How long will the joint venture last?

Some joint ventures are intended to have unlimited terms. Others may be limited to the duration of a specific project. Still others may expire or change by operation of law, as when a concession right requiring local ownership expires. When a joint venture is of limited duration, the parties should discuss whether, after the initial term of the venture, either partner can go it alone and compete independently. In some countries and in some industries, local ownership is required.

Because a cross-border joint venture frequently involves a growing dependence upon the local partner as local management is trained by the expatriate partner, it is important to address termination of the joint venture at the outset of the venture. The termination also may be complicated by the existence of other agreements, such as licensing or supply agreements. If the expatriate partner wants to sell, it may be difficult to find a willing buyer. If the host country partner wants to sell, it may be impossible for the expatriate partner to buy.

The joint venture agreement must identify the legal and operational barriers to meaningful liquidity rights and address them in the documentation. The joint venture documentation should specify how a buyout will occur.

What are some common methods of structuring termination strategies?

Frequently, the parties will provide that neither party will be able to sell its interest for a certain period of time to allow the venture to achieve sustained value. Thereafter, each party has a right of first refusal if the other party wants to sell. Within the right of first refusal process, it often is preferred to give the parties a period of time to negotiate before introducing an appraised price.

Another option is a “put-call” structure, wherein one party sets the price and the other has the option to buy or sell at that price.

But, it should be understood that other issues may make it impossible or impractical to buy out a partner. For example, one party may simply not have the financial means to buy out the other. Moreover, it may be legally impossible for the expatriate to buy out the local partner, and non-competition agreements may be unenforceable in the host country.

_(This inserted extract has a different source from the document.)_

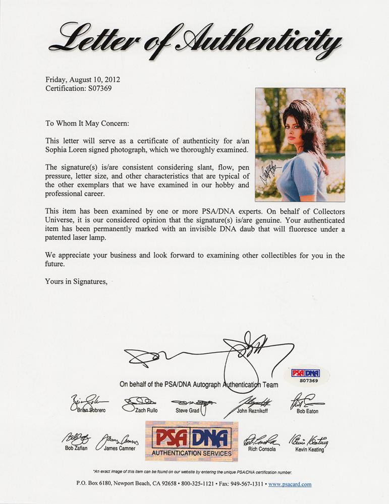 Mesmerizing color glossy 11 x 14 photo of Loren from early in her career, signed in black felt tip. In fine condition, with scattered small creases. Accompanied by a full letter of authenticity from PSA/DNA.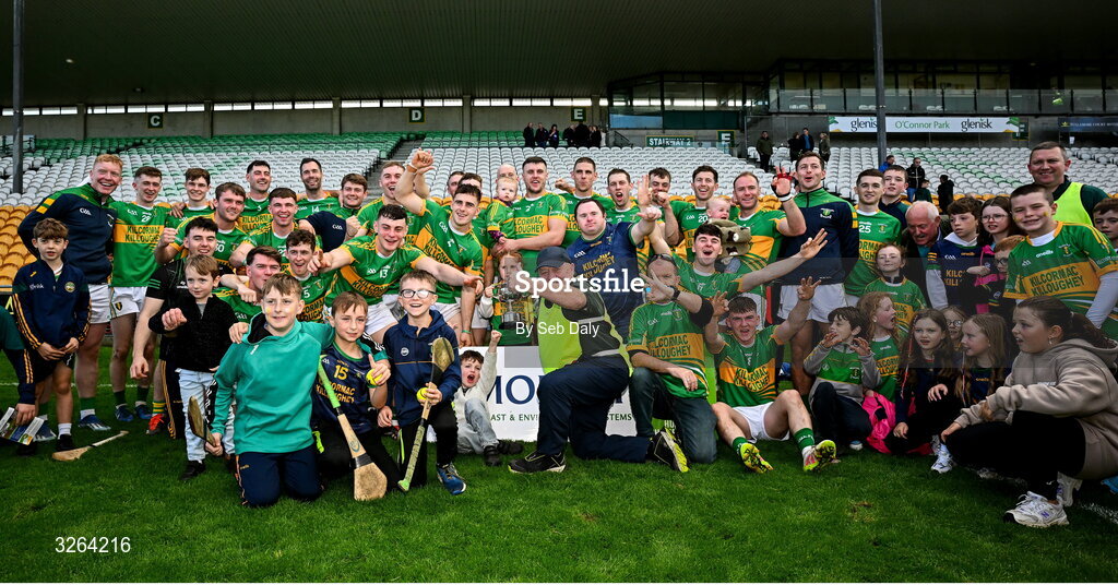 19 October 2025; Kilcormac-Killoughey players and supporters celebrate with the Sean Robbins Cup after their side's victory in the Offaly County Senior Club Hurling Championship final match between Kilcormac-Killoughey and Shinrone at Glenisk O'Connor Park in Tullamore, Offaly. Photo by Seb Daly/Sportsfile

Another alternative to a buyout provision is to grant a dominant partner the right to sell the entire company, i.e. to “drag along” the joint venture partner in connection with a sale. Similarly, the agreements frequently give the non-dominant partner a right to “tag along” with the dominant partner in the sale of its interest in the venture, i.e., to share on a pro rata basis in the sale on the same terms.

What other considerations are there when terminating the joint venture?

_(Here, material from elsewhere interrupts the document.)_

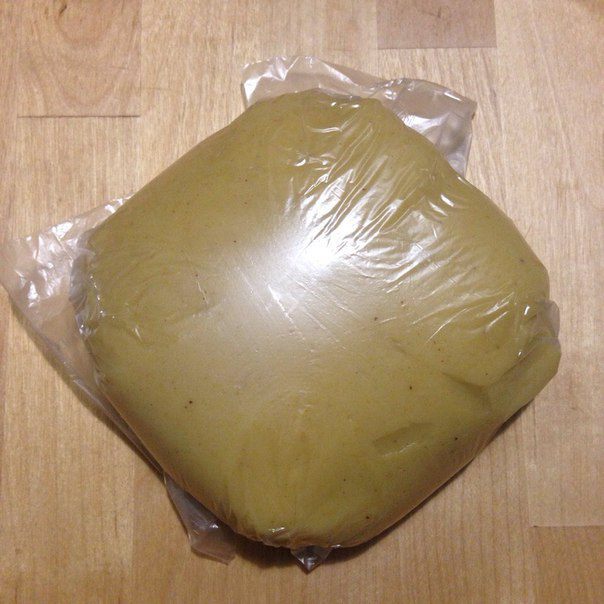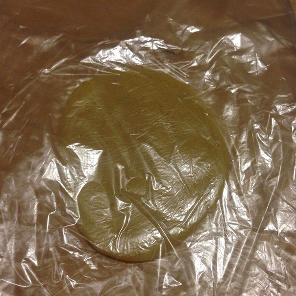 Из теста делаем шарик и кладем его в пленку и в холодильник на 1 час.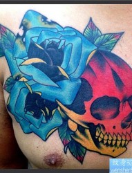 胸部个性彩色骷髅头玫瑰花纹身作品

Because you may have transferred technology, trademarks, goodwill, key employees and other assets to the venture, it is important to properly address, at the beginning of the joint venture, the rights of each party to those assets upon termination. A key goal of the termination is restoring to each of the partners to the joint venture the assets that are properly theirs. If the joint venture terminates without a sale of the going concern to a third party, the partners should agree upon a plan to value and dispose of the assets. Also, the parties should contemplate how they will pay indemnities to terminated employees required by local law.